There's something I don't understand about how the assignment operator works, please have a look at this piece of code:

#include <iostream>
using namespace std;

class foo
{
    int val{};
public:
    foo()
    {
    }
    foo( int n )
    {
        val = n;
        cout<<"Constructor"<<endl;
    }
    foo( const foo& f )
    {
        cout<<"Copy constructor, val "<<endl;
        val = f.val;
    }

    foo( const foo&& f )
    {
        cout<<"Copy constructor -rvalue-"<<endl;
        val = f.val;
    }
    foo operator+( const foo& other ) const
    {
        cout<<"Sum "<<endl;
        foo foo2;
        foo2.val = val + other.val;
        return foo2;
    }
    foo& operator=( const foo& f )
    {
        cout<<"Assignment operator\n";
        val = f.val;
        return *this;
    }
    foo& operator=( const foo&& f)
    {
        cout<<"Assignment operator, r-value\n";
        val = f.val;
        return *this;
    }
    ~foo() {}
};

int main()
{
    foo a{1}, b{5}, c{4};
    foo d;
        d = a + b + c;
    foo d2 = a + b + c;
    return 0;
}

The output of this application is:

Constructor
Constructor
Constructor
Sum
Sum
Assignment operator, r-value
Sum
Sum

What is not clear to me is why the second assignment trigger no assignment operator. The first assignment is on an object which was constructed via the default construction and then a plain assignment operation is visible, in the second one a temporary object should be builded by the compiler and then assigned to d2, but no print are visible from any of the assignment operators provided. Why?

Thanks

Answer 1

For efficiency's sake, this:

foo d2 = a + b + c;

(and any T n = expr where T is a type with a non-explicit copy constructor) is actually synonymous for

foo d2(foo(a + b + c)); // can be optimized to foo d2(a + b + c)

not

foo d2;
d2 = a + b + c;

Which is why you only see one assignment in your output.
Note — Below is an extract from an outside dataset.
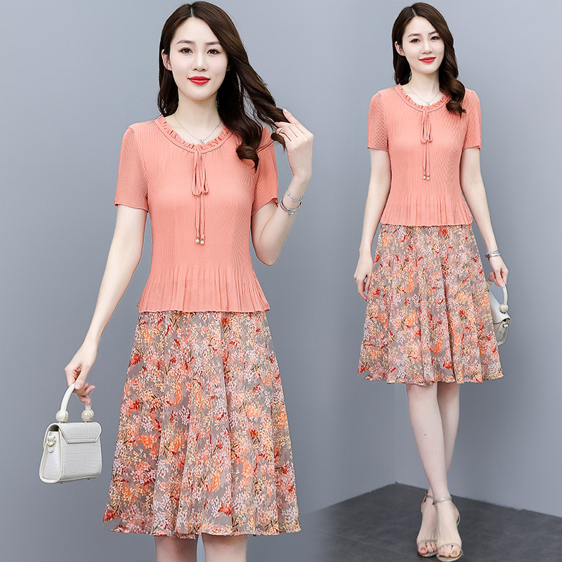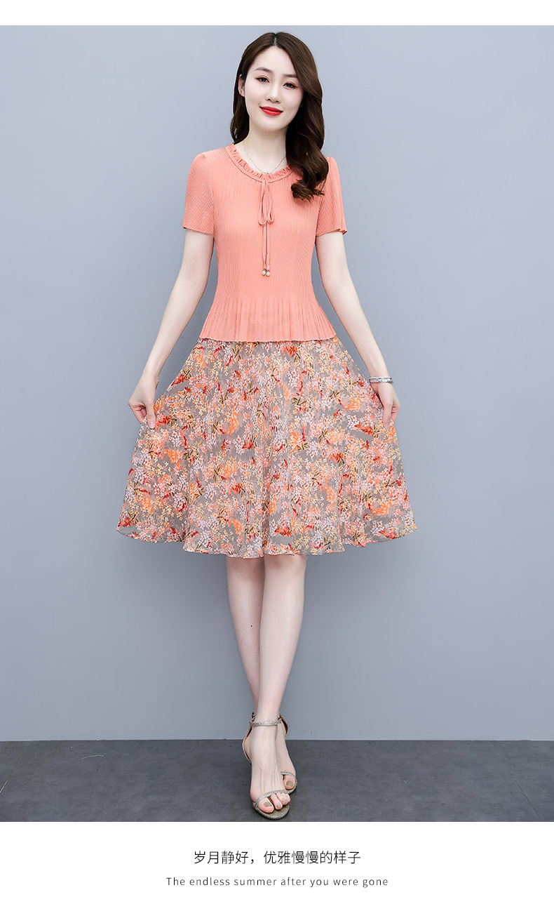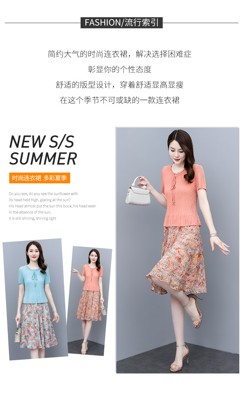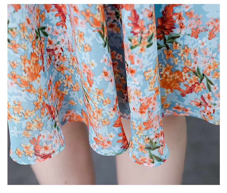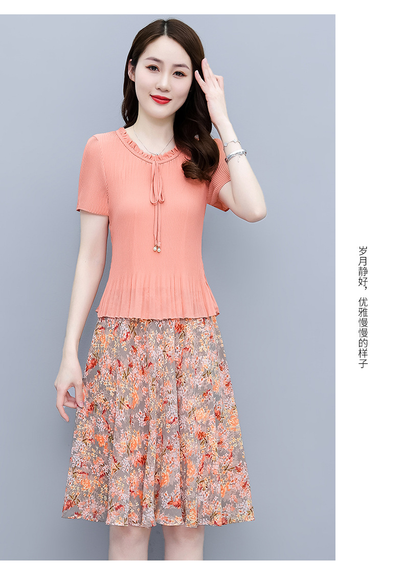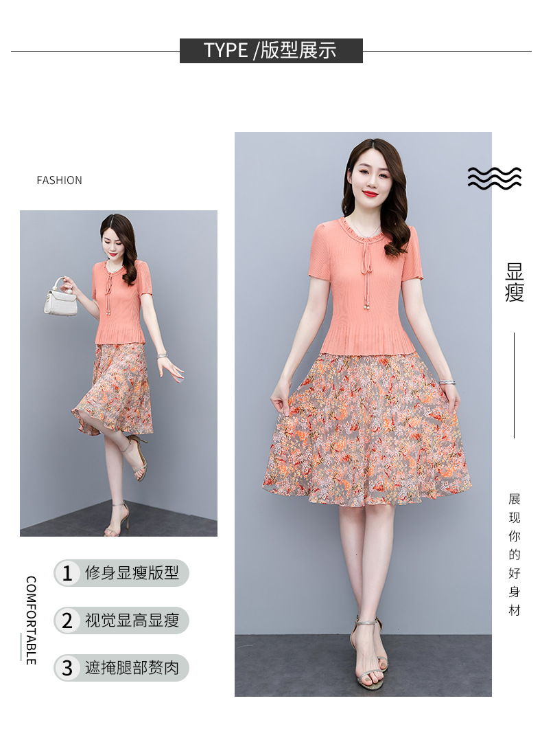 碎花雪纺短袖连衣裙夏2023年新款时尚气质洋气短袖假两件裙子夏

You can think of it this way: when the variable already exists, it's assignment. When you're creating a new variable, it's a constructor call.

Answer 2

The first is assignment, the second is initialization. And in that case the compiler is allowed to elide the copy or move operations that can occur in such a case.

Answer 3

There's no second assignment, your code has only one assignment. The line

foo d2 = a + b + c;

is copy initialization.

Answer 4

You're initializing d2, not assigning to it, so the assignment operator isn't called.